1.6. Defoliation Time

The timing of the defoliant application plays a significant role in cotton yield because premature defoliation reduces yield and late defoliation can deteriorate fiber quality due to bad weather [34]. Gormus et al. concluded that early application of defoliants significantly reduces seed cotton yield, boll number per plant, micronaire, and fiber length [67]. Various methods have been used to determine the time of defoliants application on cotton. Traditionally, counting nodes above the cracked boll (NACB), and calculating the percentage of the open boll methods were used which are more subjective and may differ according to growers’ perception and observation. Generally, when 50–60% boll is open, and NACB is less than or equal to four, is considered safe for defoliation [34].

Early application of defoliant (prior to 60% open boll) found to decrease yield and fiber quality thus Snipes and Baskin suggested to apply defoliant when 60% of boll are open [68]. However, it is important to consider variety of cultivated cotton as cultivar effect can be significant and the timing can be different for different cultivar [69].

However, there are no clear-cut guidelines for the perfect timing of defoliants application. Some literature mentioned COTMAN concept to determine the timing of defoliation. COTMAN is a cotton management software program developed on concept of cotton plant growth and development. At first the concept of COTMAN was used to measure node above white flower (NAWF) for management of insect. Later, this concept adopted for defoliation. When NAWF is equal to 5 it is considered as physiological cutout [70].

According to COTMAN program when the NAWF = 5 and HU = 472 consider as appropriate time for defoliation. The amount of heat accumulated during a 24 h time when the average ambient temperature is greater than 15.5 degree (base threshold temperature) is define as heat unit (HU) in cotton. However, Bynum and Cothren findings contradict COTMAN’s recommendation based on their experiment [71]. They consider NAWF (=3, 4, 5) and HU’s (361, 417, 472, 528, and 583) as indicator for defoliation. A total of 29% more lint yield was observed when plant was defoliated at 60 percent of open boll timing than compared to COTMAN recommendation (i.e., NAWF = 5 and 472 HU). Similarly, Clay et al. studied the effectiveness of defoliation at various heat unit accumulations: 630 HU, 730 HU, 830 HU, 930 HU, 1030 HU, 1130 HU, and 1330 HU and its impact on lint yield and fiber quality [72]. The highest defoliation was found at 830 HU. Moreover, lint yield and gin turnout were found to be highest in early defoliation but fiber qualities except the fiber strength were insignificant to the defoliation timing. The HU accumulation can differ from one location to another based on their weather condition and generalizing single research findings to the varied location might not be a good idea.
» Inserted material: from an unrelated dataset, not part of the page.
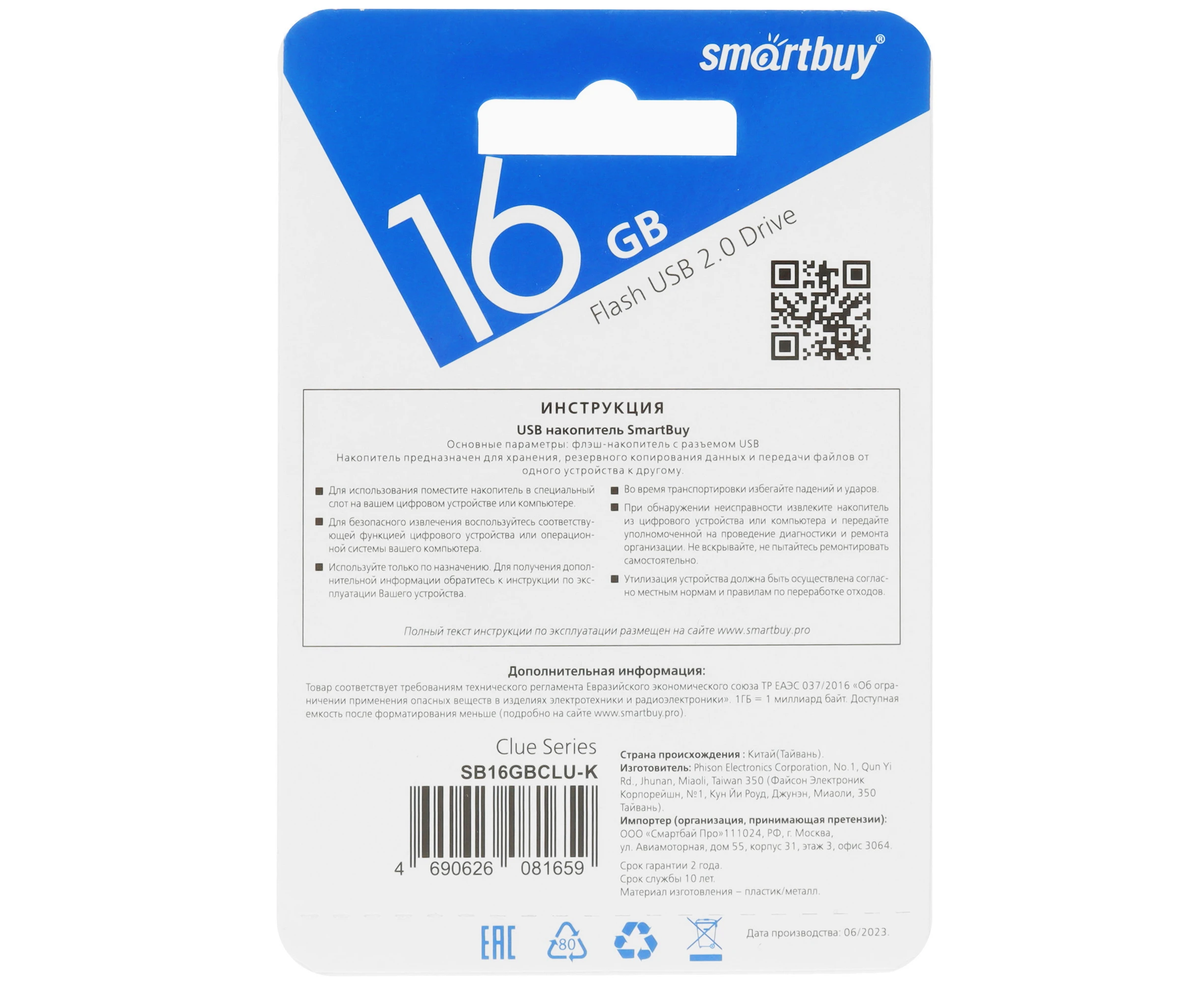 USB-флешка SMARTBUY SB16GBCLU-K Clue 16Gb USB 2.0 черный

Therefore, future multilocation research should be conducted to determine defoliation timing considering different methods.
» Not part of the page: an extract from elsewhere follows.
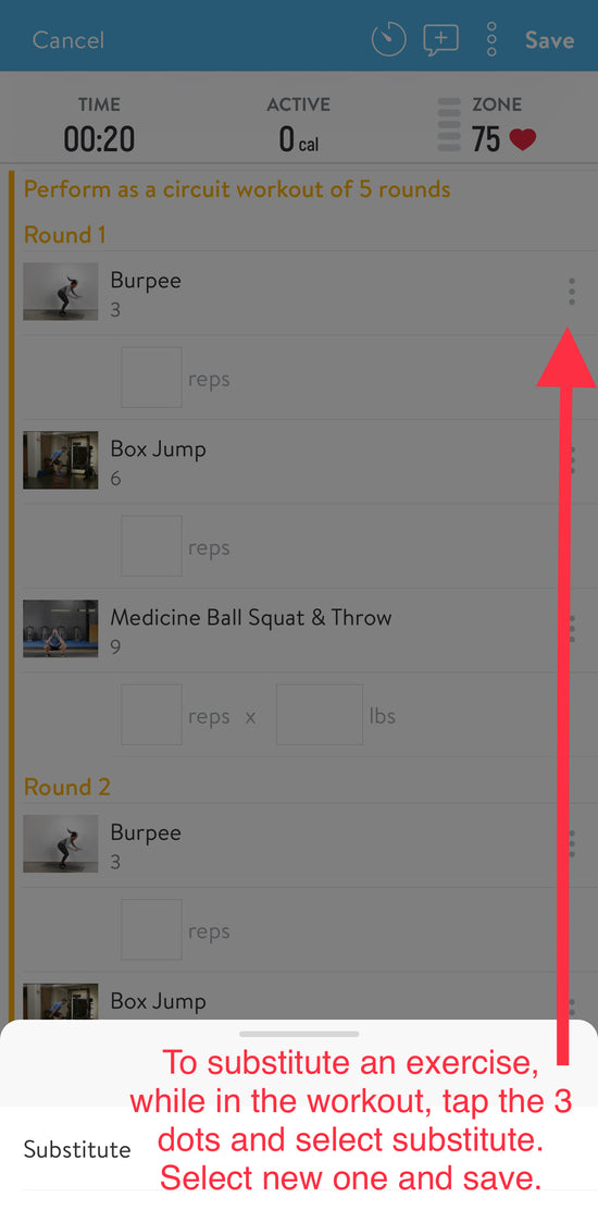 To substitute an exercise while in the workout, simply tap on the 3 dots next to the exercise, select a new one and save.

1.7. Defoliant and Factors Affecting Defoliation

The defoliants and harvest aids are categorized into two groups based on their nature of action: herbicidal and hormonal. Herbicidal defoliants injure the plant, causing it to produce ethylene in response which promotes leaf abscission [73]. Some examples of herbicidal defoliants are Carfentrazone-ethyl, Thidiazuron, diuron, and Tribufos. In the case of the herbicidal defoliant, for a successful leaf drop, each leaf should encounter the chemical, as chemical penetration and evenness of the spray play a significant role in defoliation [74]. In contrast, hormonal defoliants enhance ethylene production and inhibit auxin transport in the plant, encouraging leaf abscission [73]. The hormonal defoliants are generally more sensitive to temperature and crop conditions than herbicidal defoliants [75]. It is very important to select appropriate chemical for efficient result. Application of harvest aids such as Thidiazuron and ethephon were found to have a significant effect on cotton defoliation and boll opening [76].
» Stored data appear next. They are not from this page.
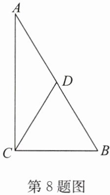 8. 如图,在$△ABC$中,CD 是中线,且$CD= \frac {1}{2}AB$.求证:$△ABC$是直角三角形.
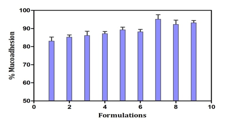 Fig. 4: Mucoadhesion study of formulations, each value represents mean±SD, (n=3)
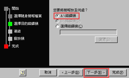 4.您要將簡報放至何處?勾選[A:\磁碟機],按[下一步]。

Several factors affect the efficiency of chemical defoliants such as plant characteristics, applied nutrients, weather conditions, types of chemicals, and spraying methods. Wang et al. found to have a significant effect of nitrogen and harvest aid on defoliation efficiency and cotton yield [76]. With rising N levels, the defoliation and boll opening percentages were significantly reduced and 150 kg N/ha together with 900 + 3000 g ai ha⁻¹ of Thidiazuron + Ethephon was recommended for good cotton yield and efficient defoliation [76]. Weather factors that influence harvest-aid performance are temperature, relative humidity, seasonal rainfall, and the occurrence of precipitation shortly following application. High seasonal night temperatures promote crop maturity and susceptibility to defoliation. Harvest aid work best when nighttime temperatures are 15.5 degrees Celsius or higher [34]. In general, herbicidal type defoliants such as tribufos (S, S, S, -tributyl phosphonodithioate) have lower minimum temperatures (12.7–15.6 °C) than hormonal types (15.6–18.3 °C) such as ethephon and thidiazuron (N-phenyl-N′-1,2,3- thiadiazol-5-ylurea) [76]. Defoliation occurs twice as quickly at 35 degrees Celsius than it does at 25 degrees Celsius because the rate of activity doubles with a 10-degree Celsius increase in temperature [76]. Defoliation was 17% with no adjuvant at five days after treatment (DAT) when day/night temperatures 29.5/21 degree Celsius, 37% with crop oil concentrate added, 40% with ammonium sulfate, and 75% with both adjuvants combined whereas there was less than 10% leaf drop at 21/12.7-degree Celsius day/night temperature under all treatments at 5 DAT [77].

In general, excessive watering before and during defoliation can result in more vegetative growth of plants. Whereas extremely dry condition during defoliants application may hinder the defoliants activity. Terminating the irrigation at least 24 days before the defoliation resulted in good defoliation with single application of defoliant [78].

Plant characteristic such as leaf area index was found to have a significant effect on droplet deposition and defoliation rate [79], but the distribution of droplet depends on several factors which affects the defoliation. Plant characteristics (e.g., height, leaf area, and density) and spraying technology (spraying volume, nozzle types, pressure, and vehicle speed) influence the droplet coverage and distribution in the plant canopy [80].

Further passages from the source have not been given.